[Work instructions]: Your answer must be an exact transcription of the data, with every picture omitted.

[Supplied material]:
───
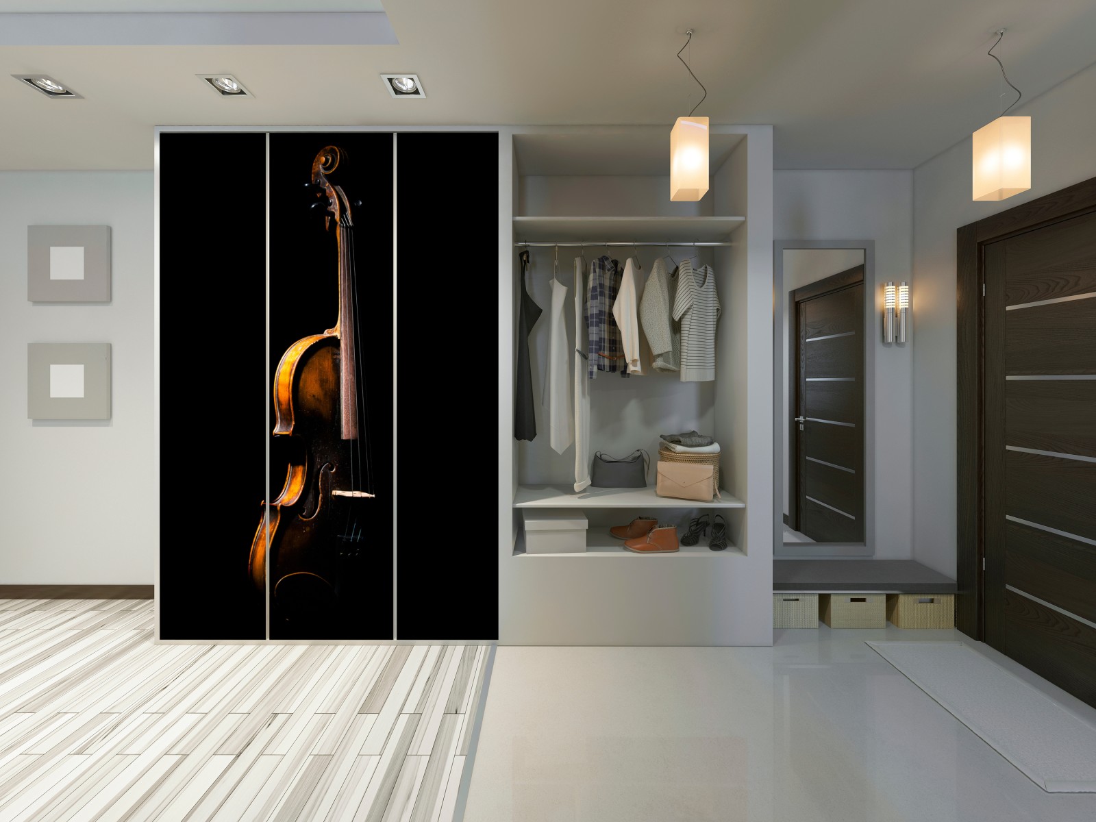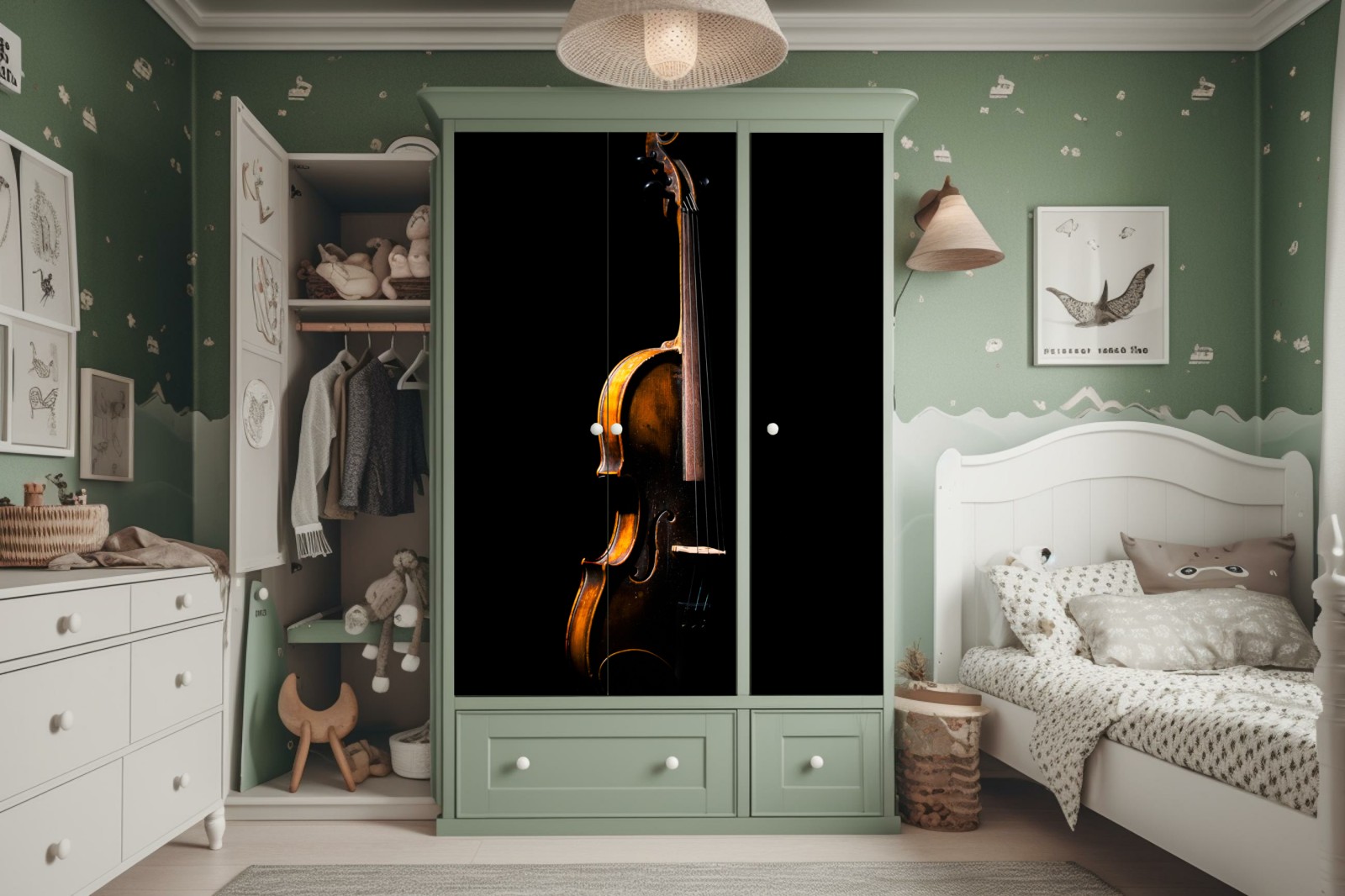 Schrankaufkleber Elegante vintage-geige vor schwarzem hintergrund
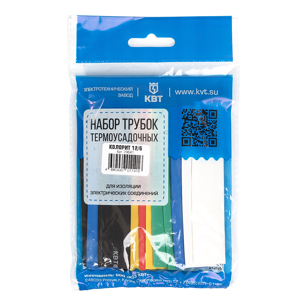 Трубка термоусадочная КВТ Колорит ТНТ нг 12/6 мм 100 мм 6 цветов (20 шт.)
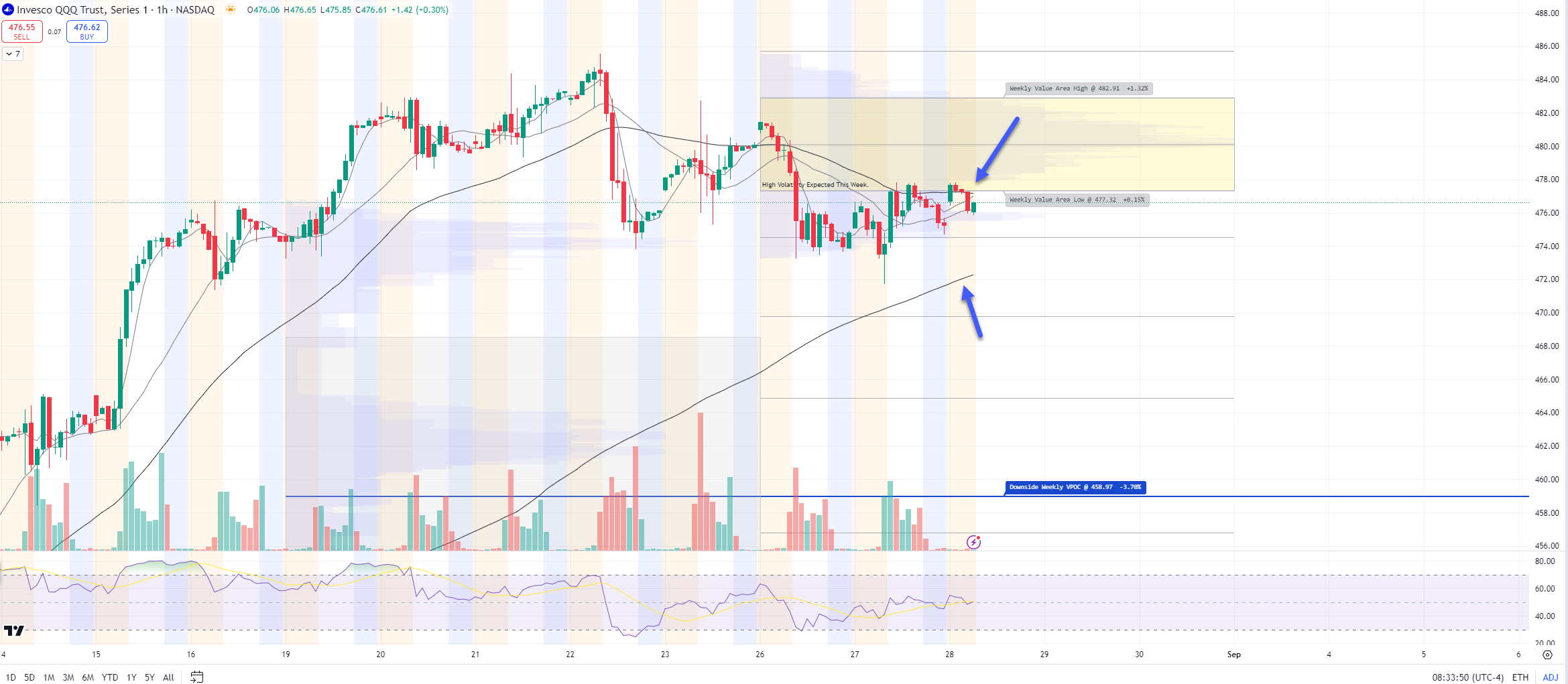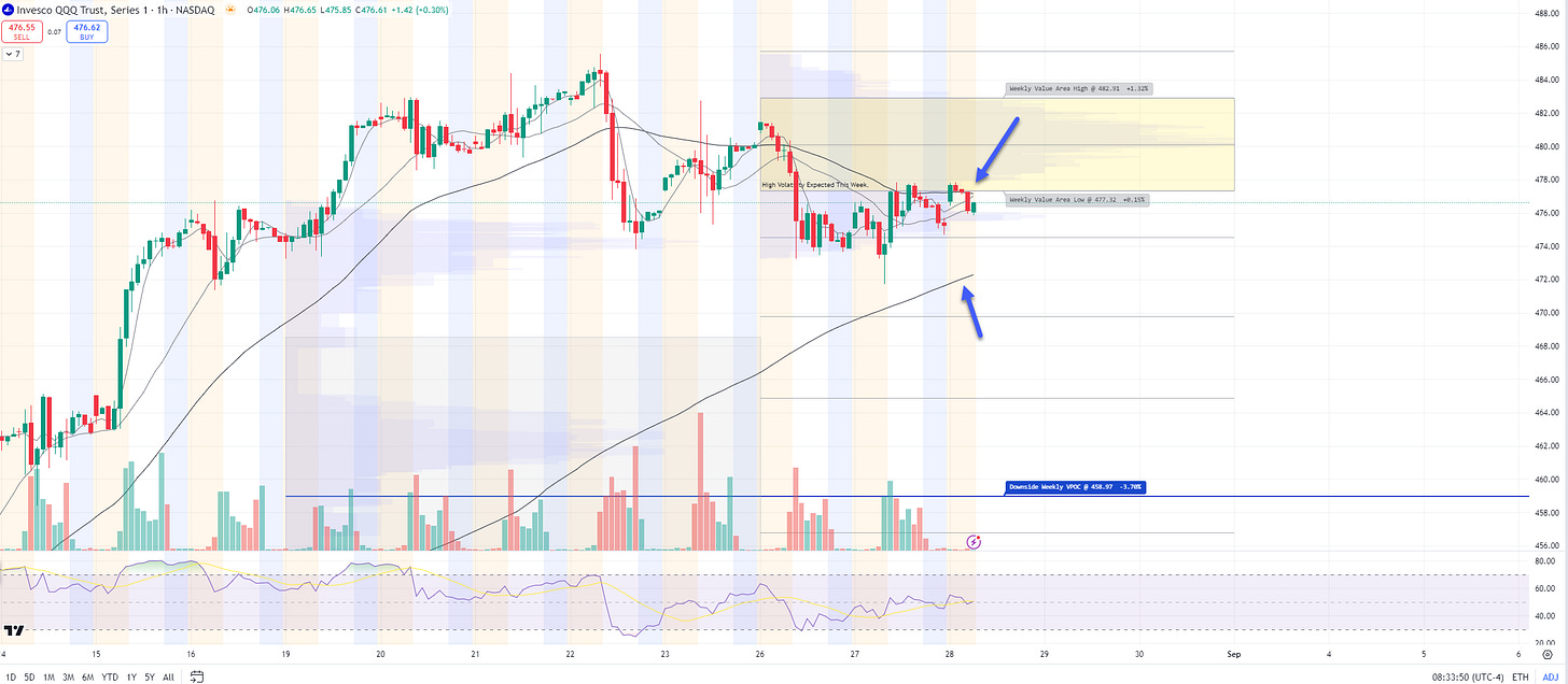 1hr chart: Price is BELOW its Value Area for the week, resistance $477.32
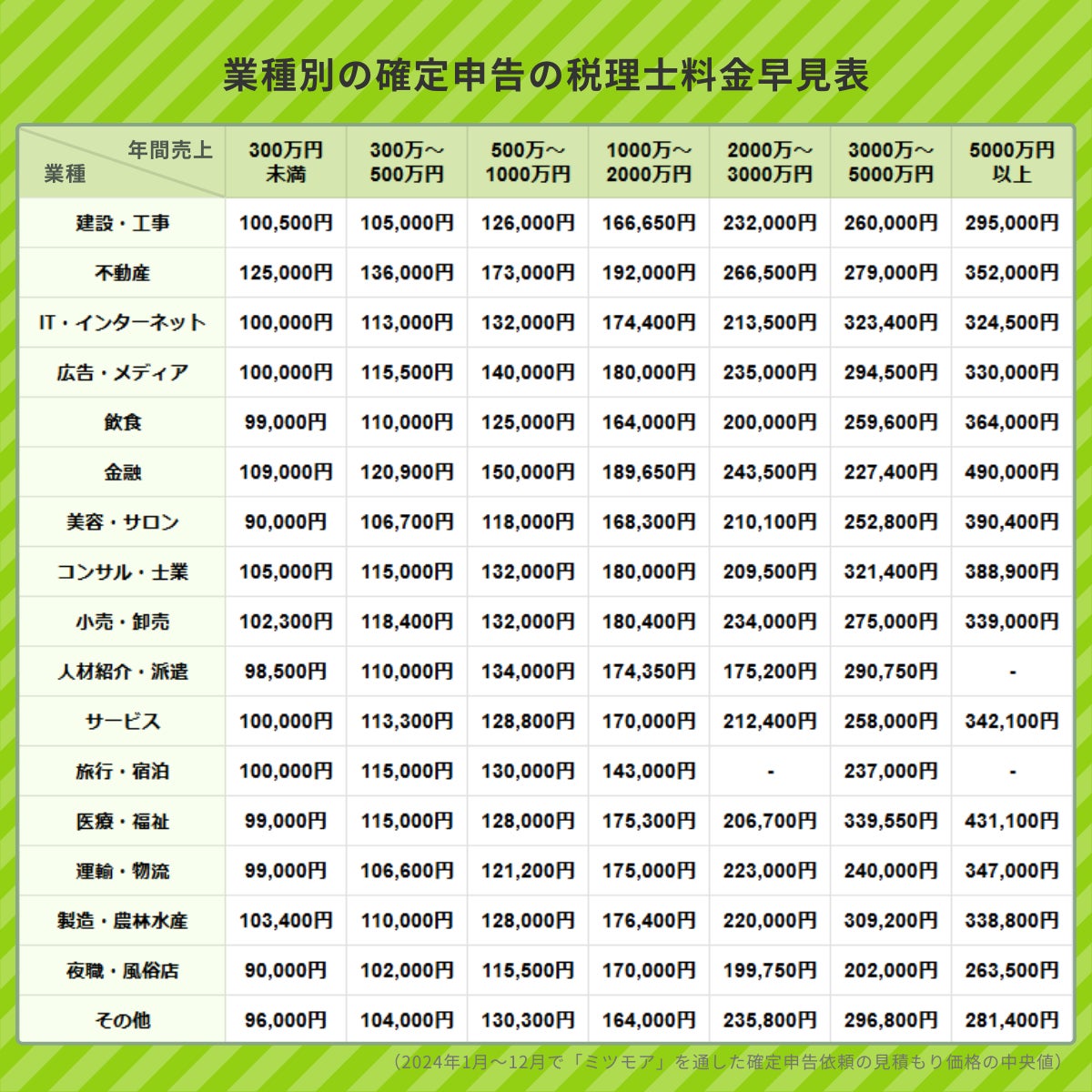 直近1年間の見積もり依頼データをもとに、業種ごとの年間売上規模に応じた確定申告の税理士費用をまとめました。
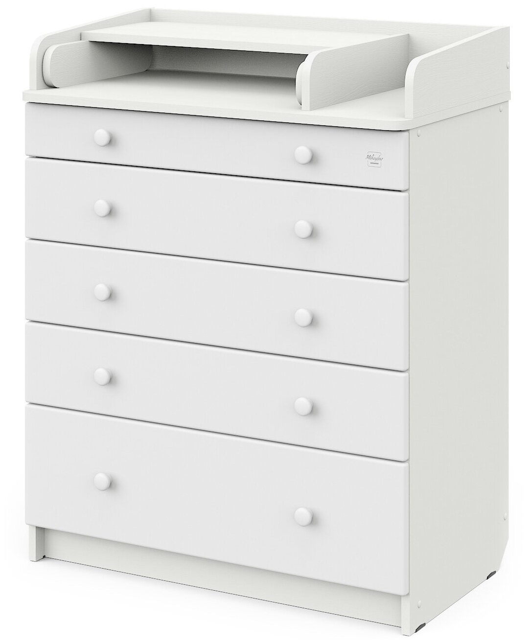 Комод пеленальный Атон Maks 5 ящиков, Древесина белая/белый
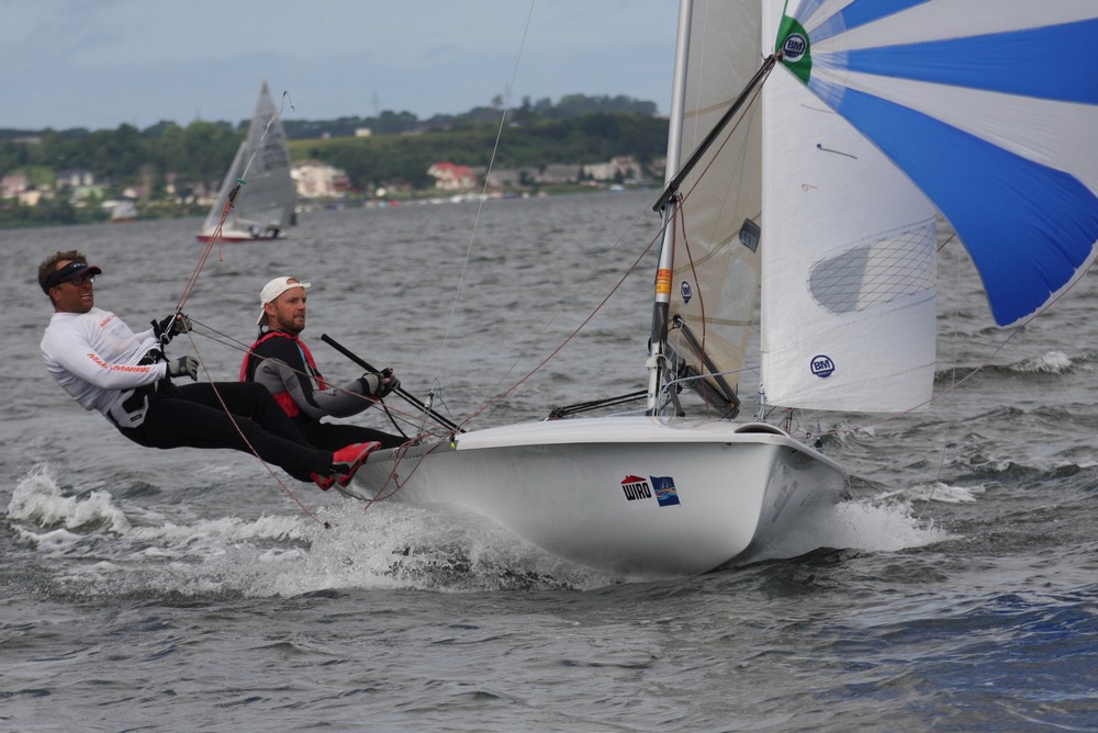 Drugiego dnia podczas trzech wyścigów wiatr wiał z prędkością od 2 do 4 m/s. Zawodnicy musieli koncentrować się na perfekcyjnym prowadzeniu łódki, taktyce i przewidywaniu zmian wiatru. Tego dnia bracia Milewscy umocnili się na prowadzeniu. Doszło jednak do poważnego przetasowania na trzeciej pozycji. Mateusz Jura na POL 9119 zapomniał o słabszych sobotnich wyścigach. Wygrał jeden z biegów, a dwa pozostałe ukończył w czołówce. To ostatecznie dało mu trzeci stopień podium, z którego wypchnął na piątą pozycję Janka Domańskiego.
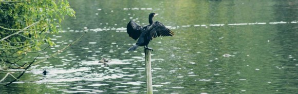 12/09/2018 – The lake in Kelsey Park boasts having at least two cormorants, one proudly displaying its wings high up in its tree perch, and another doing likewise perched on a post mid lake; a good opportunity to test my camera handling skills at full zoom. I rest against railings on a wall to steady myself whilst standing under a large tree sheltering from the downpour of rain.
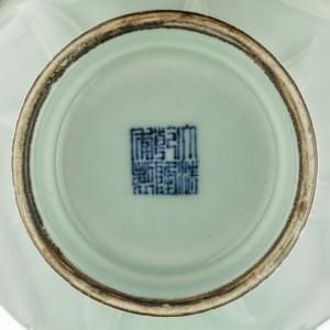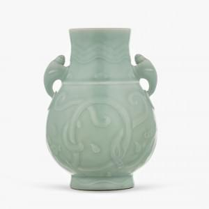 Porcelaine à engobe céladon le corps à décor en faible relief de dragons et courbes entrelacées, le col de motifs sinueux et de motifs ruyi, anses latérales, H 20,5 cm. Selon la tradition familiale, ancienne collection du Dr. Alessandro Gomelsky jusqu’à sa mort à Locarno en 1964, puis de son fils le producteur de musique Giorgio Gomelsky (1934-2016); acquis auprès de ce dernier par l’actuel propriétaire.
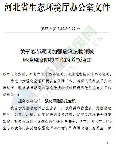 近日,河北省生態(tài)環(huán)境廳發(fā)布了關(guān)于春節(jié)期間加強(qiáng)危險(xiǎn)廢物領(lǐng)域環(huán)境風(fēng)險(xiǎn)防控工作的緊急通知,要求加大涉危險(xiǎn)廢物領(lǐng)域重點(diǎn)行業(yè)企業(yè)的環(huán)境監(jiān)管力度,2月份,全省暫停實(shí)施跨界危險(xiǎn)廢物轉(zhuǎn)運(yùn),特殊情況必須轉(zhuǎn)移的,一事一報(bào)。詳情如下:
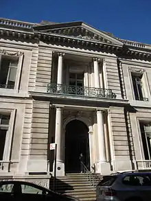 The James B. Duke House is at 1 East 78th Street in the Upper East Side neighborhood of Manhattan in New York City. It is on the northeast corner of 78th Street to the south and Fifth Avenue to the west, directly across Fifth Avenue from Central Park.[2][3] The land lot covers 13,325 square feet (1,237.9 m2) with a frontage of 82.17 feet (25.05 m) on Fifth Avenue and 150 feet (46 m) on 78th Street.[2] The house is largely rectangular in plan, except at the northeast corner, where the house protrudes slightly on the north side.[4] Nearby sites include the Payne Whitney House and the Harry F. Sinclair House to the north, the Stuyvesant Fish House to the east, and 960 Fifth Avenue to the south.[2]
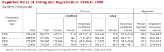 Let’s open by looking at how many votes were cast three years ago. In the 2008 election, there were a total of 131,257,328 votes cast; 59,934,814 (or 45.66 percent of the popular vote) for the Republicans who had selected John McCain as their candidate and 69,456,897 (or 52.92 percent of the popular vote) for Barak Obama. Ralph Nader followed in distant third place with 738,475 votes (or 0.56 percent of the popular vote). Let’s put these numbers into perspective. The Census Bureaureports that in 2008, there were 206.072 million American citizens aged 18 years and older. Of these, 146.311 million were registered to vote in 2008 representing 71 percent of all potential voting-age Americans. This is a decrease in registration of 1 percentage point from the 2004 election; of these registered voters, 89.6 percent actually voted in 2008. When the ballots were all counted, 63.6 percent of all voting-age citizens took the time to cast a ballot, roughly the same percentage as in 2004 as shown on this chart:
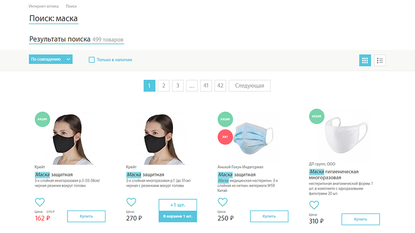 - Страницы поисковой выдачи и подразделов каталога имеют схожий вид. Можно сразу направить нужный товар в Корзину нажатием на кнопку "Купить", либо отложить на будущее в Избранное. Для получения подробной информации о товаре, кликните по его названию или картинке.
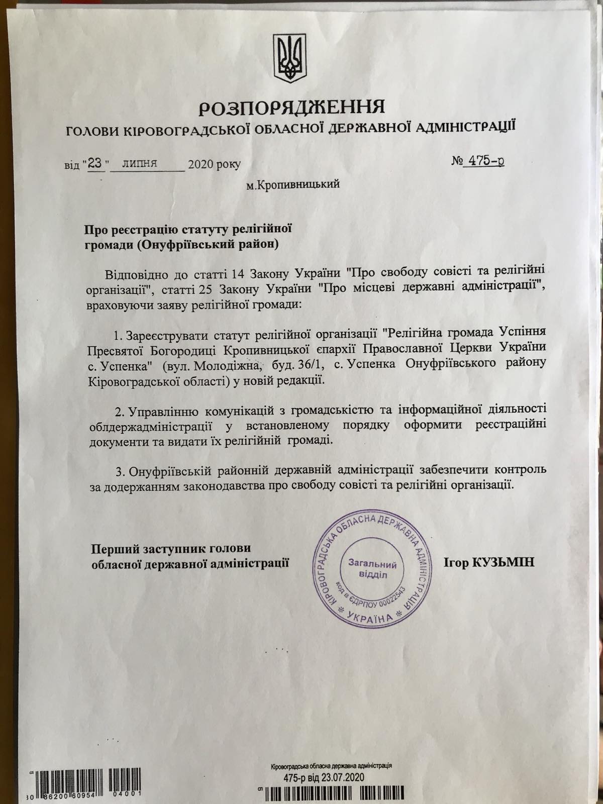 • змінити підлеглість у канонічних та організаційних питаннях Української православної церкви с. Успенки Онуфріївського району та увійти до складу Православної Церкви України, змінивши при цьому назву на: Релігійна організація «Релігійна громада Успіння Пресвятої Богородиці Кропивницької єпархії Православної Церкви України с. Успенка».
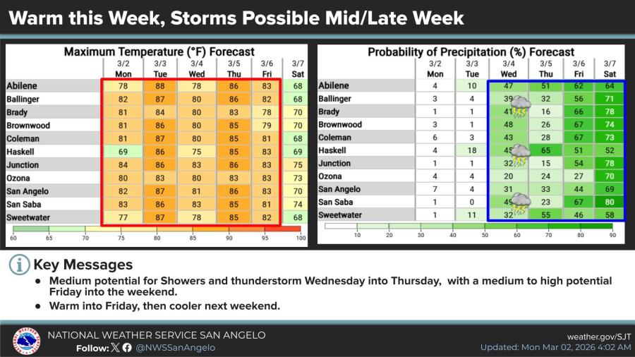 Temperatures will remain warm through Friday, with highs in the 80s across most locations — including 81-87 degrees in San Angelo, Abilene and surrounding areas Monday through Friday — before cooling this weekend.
───
[Result below]:
 Schrankaufkleber Elegante vintage-geige vor schwarzem hintergrund
 Трубка термоусадочная КВТ Колорит ТНТ нг 12/6 мм 100 мм 6 цветов (20 шт.)
 1hr chart: Price is BELOW its Value Area for the week, resistance $477.32
 直近1年間の見積もり依頼データをもとに、業種ごとの年間売上規模に応じた確定申告の税理士費用をまとめました。
 Комод пеленальный Атон Maks 5 ящиков, Древесина белая/белый
 Drugiego dnia podczas trzech wyścigów wiatr wiał z prędkością od 2 do 4 m/s. Zawodnicy musieli koncentrować się na perfekcyjnym prowadzeniu łódki, taktyce i przewidywaniu zmian wiatru. Tego dnia bracia Milewscy umocnili się na prowadzeniu. Doszło jednak do poważnego przetasowania na trzeciej pozycji. Mateusz Jura na POL 9119 zapomniał o słabszych sobotnich wyścigach. Wygrał jeden z biegów, a dwa pozostałe ukończył w czołówce. To ostatecznie dało mu trzeci stopień podium, z którego wypchnął na piątą pozycję Janka Domańskiego.
 12/09/2018 – The lake in Kelsey Park boasts having at least two cormorants, one proudly displaying its wings high up in its tree perch, and another doing likewise perched on a post mid lake; a good opportunity to test my camera handling skills at full zoom. I rest against railings on a wall to steady myself whilst standing under a large tree sheltering from the downpour of rain.
 Porcelaine à engobe céladon le corps à décor en faible relief de dragons et courbes entrelacées, le col de motifs sinueux et de motifs ruyi, anses latérales, H 20,5 cm. Selon la tradition familiale, ancienne collection du Dr. Alessandro Gomelsky jusqu’à sa mort à Locarno en 1964, puis de son fils le producteur de musique Giorgio Gomelsky (1934-2016); acquis auprès de ce dernier par l’actuel propriétaire.
 近日,河北省生態(tài)環(huán)境廳發(fā)布了關(guān)于春節(jié)期間加強(qiáng)危險(xiǎn)廢物領(lǐng)域環(huán)境風(fēng)險(xiǎn)防控工作的緊急通知,要求加大涉危險(xiǎn)廢物領(lǐng)域重點(diǎn)行業(yè)企業(yè)的環(huán)境監(jiān)管力度,2月份,全省暫停實(shí)施跨界危險(xiǎn)廢物轉(zhuǎn)運(yùn),特殊情況必須轉(zhuǎn)移的,一事一報(bào)。詳情如下:
 The James B. Duke House is at 1 East 78th Street in the Upper East Side neighborhood of Manhattan in New York City. It is on the northeast corner of 78th Street to the south and Fifth Avenue to the west, directly across Fifth Avenue from Central Park.[2][3] The land lot covers 13,325 square feet (1,237.9 m2) with a frontage of 82.17 feet (25.05 m) on Fifth Avenue and 150 feet (46 m) on 78th Street.[2] The house is largely rectangular in plan, except at the northeast corner, where the house protrudes slightly on the north side.[4] Nearby sites include the Payne Whitney House and the Harry F. Sinclair House to the north, the Stuyvesant Fish House to the east, and 960 Fifth Avenue to the south.[2]
 Let’s open by looking at how many votes were cast three years ago. In the 2008 election, there were a total of 131,257,328 votes cast; 59,934,814 (or 45.66 percent of the popular vote) for the Republicans who had selected John McCain as their candidate and 69,456,897 (or 52.92 percent of the popular vote) for Barak Obama. Ralph Nader followed in distant third place with 738,475 votes (or 0.56 percent of the popular vote). Let’s put these numbers into perspective. The Census Bureaureports that in 2008, there were 206.072 million American citizens aged 18 years and older. Of these, 146.311 million were registered to vote in 2008 representing 71 percent of all potential voting-age Americans. This is a decrease in registration of 1 percentage point from the 2004 election; of these registered voters, 89.6 percent actually voted in 2008. When the ballots were all counted, 63.6 percent of all voting-age citizens took the time to cast a ballot, roughly the same percentage as in 2004 as shown on this chart:
 - Страницы поисковой выдачи и подразделов каталога имеют схожий вид. Можно сразу направить нужный товар в Корзину нажатием на кнопку "Купить", либо отложить на будущее в Избранное. Для получения подробной информации о товаре, кликните по его названию или картинке.
 • змінити підлеглість у канонічних та організаційних питаннях Української православної церкви с. Успенки Онуфріївського району та увійти до складу Православної Церкви України, змінивши при цьому назву на: Релігійна організація «Релігійна громада Успіння Пресвятої Богородиці Кропивницької єпархії Православної Церкви України с. Успенка».
 Temperatures will remain warm through Friday, with highs in the 80s across most locations — including 81-87 degrees in San Angelo, Abilene and surrounding areas Monday through Friday — before cooling this weekend.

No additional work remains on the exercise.